However, it wasn’t until 1973, at a dinner with Senator Russell Long, that his idea gained traction. At the time, the Senator was Chairman of the Senate Finance Committee to develop ways of addressing the economic inequality that plagued the nation. With a mandate from the Joint Economic Committee, Long and Kelso studied a variety of ways to expand capital ownership among U.S. citizens, which they felt was the key to mitigating the inequality that everyone agreed existed (Rosen & Case, 2022).
Finally, with industrial capital as their target, in 1974, they introduced the Employee Stock Ownership Plan (ESOP) as part of the landmark Employee Retirement Security Act (ERISA). It was introduced as a low-risk means of addressing the inequality problem. That is, the ESOP became the sole vehicle to provide workers with the opportunity to own stock in their companies that did not depend on their savings, nor was it based on their ability to purchase shares, as with a broker (Freeman et al., 2013).

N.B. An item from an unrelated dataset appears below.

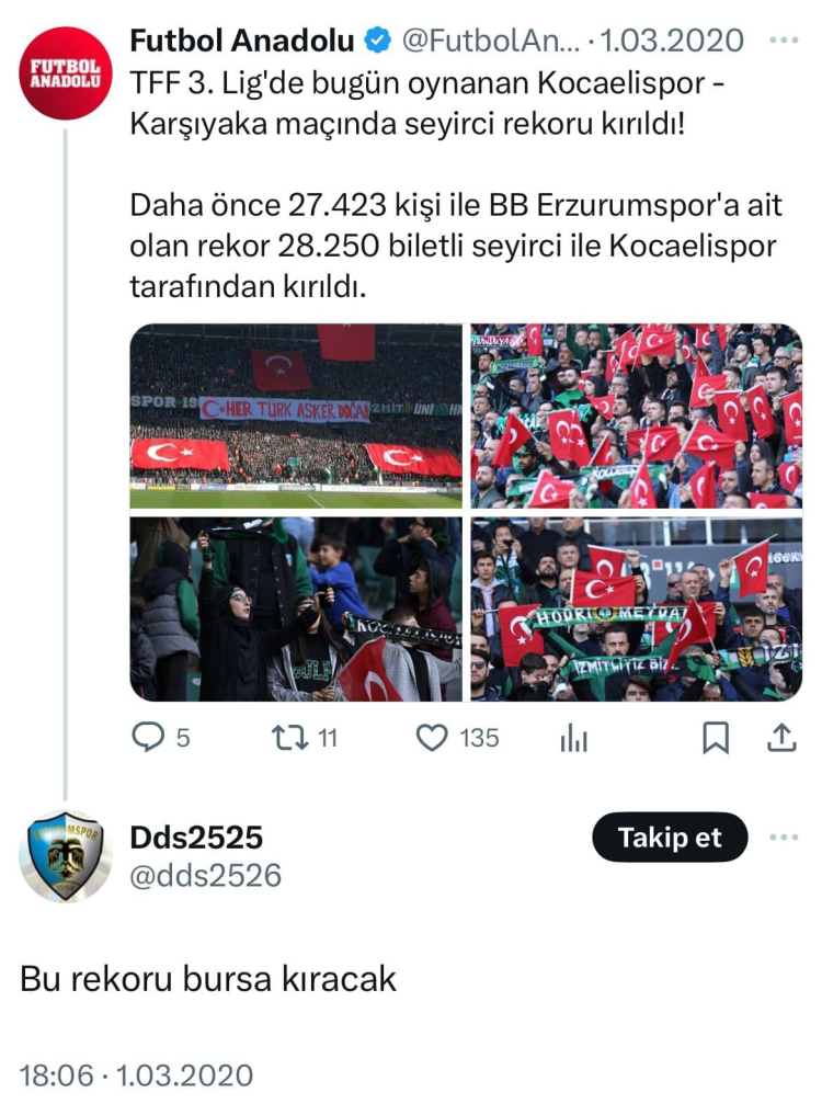 Erzurumspor taraftarı, "TFF 3. Lig'de bugün oynanan Kocaelispor- Karşıyaka maçında seyirci rekoru kırıldı! Daha önce 27 bin 423 kişi ile BB Erzurumspor'a ait olan rekor 28 bin bin 250 biletli seyirci ile Kocaelispor tarafından kırıldı." ifadelerinin yer aldığı gönderiye, "Bu rekoru Bursa kıracak" diyerek cevap vermişti.

Drucker’s Principles and the ESOP Model
So how does the ESOP embody the principles of Peter Drucker? We have seen that as a social ecologist, Drucker’s passion for people, community, and society led to the development of principles and practices for responsibly managing the organizations of society. Drucker (1993a) stated: “…all institutions, including business, will have to hold themselves accountable for the ‘quality of life’ and will have to make fulfillment of basic social values, beliefs, and purposes a major objective of their continuing normal activities.” He further argued: “This will apply increasingly to fulfillment of the individual. It is the organization which is today our most visible social environment…The ‘community’ is increasingly in the organization, and especially in the one in which the individual finds his livelihood and through which he gains access to function, achievement, and social status” (p. 145).
Addressing what Kelso felt was a growing inequality gap in the present capitalist system, his ESOP model specifically targets the average worker in the community of organizations, whose livelihood depends on such organizations, and without whose commitment those organizations could not exist, and it raises their status and function with the opportunity to share in the capital they create, an opportunity that might not otherwise be possible through wages and income alone. This writer maintains that Kelso’s ESOP, in many ways, was a significant improvement of the individual worker’s quality of life and the “glue” that helped cement the organizational community to which they, through capital ownership, were able to gain or at least increase their access to the function, achievement, and social status spoken of by Drucker. As a former employee-owner, this writer can attest that status change substantially alters one’s perspective for the better with regard to the organization, the work environment, and those with whom one works.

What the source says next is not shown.